**What you are asked to do:** Only the lines from the one containing "Un diseño compuesto" to the end of the data below belong in the answer, each repeated exactly; no pictures.

**The data:**
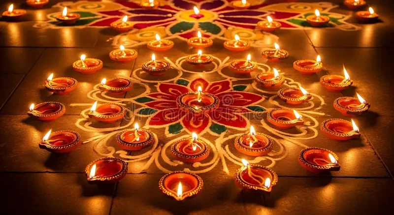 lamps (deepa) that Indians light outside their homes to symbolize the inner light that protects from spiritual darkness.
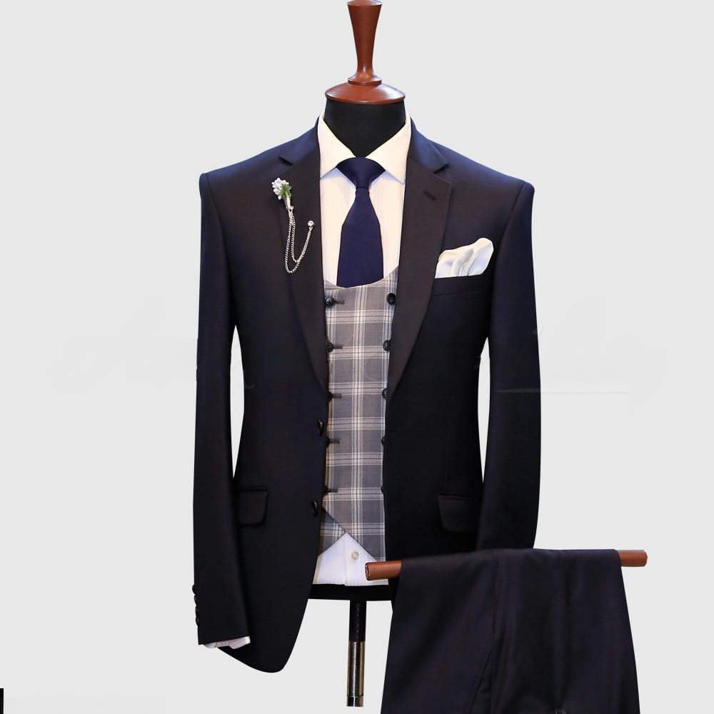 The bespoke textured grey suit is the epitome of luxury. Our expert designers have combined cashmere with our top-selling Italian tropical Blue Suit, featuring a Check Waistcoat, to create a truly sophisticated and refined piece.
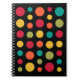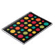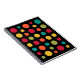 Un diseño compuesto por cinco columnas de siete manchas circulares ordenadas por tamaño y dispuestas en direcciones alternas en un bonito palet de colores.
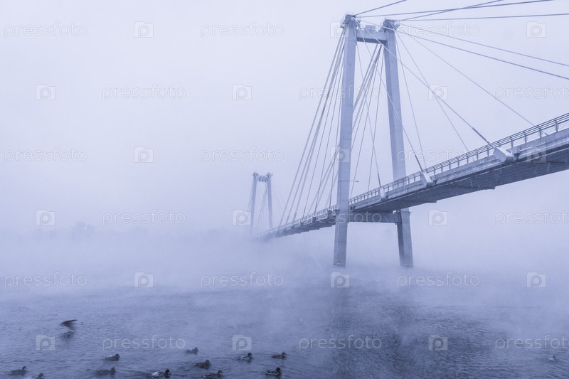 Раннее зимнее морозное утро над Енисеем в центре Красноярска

**Task solution:**
 Un diseño compuesto por cinco columnas de siete manchas circulares ordenadas por tamaño y dispuestas en direcciones alternas en un bonito palet de colores.
 Раннее зимнее морозное утро над Енисеем в центре Красноярска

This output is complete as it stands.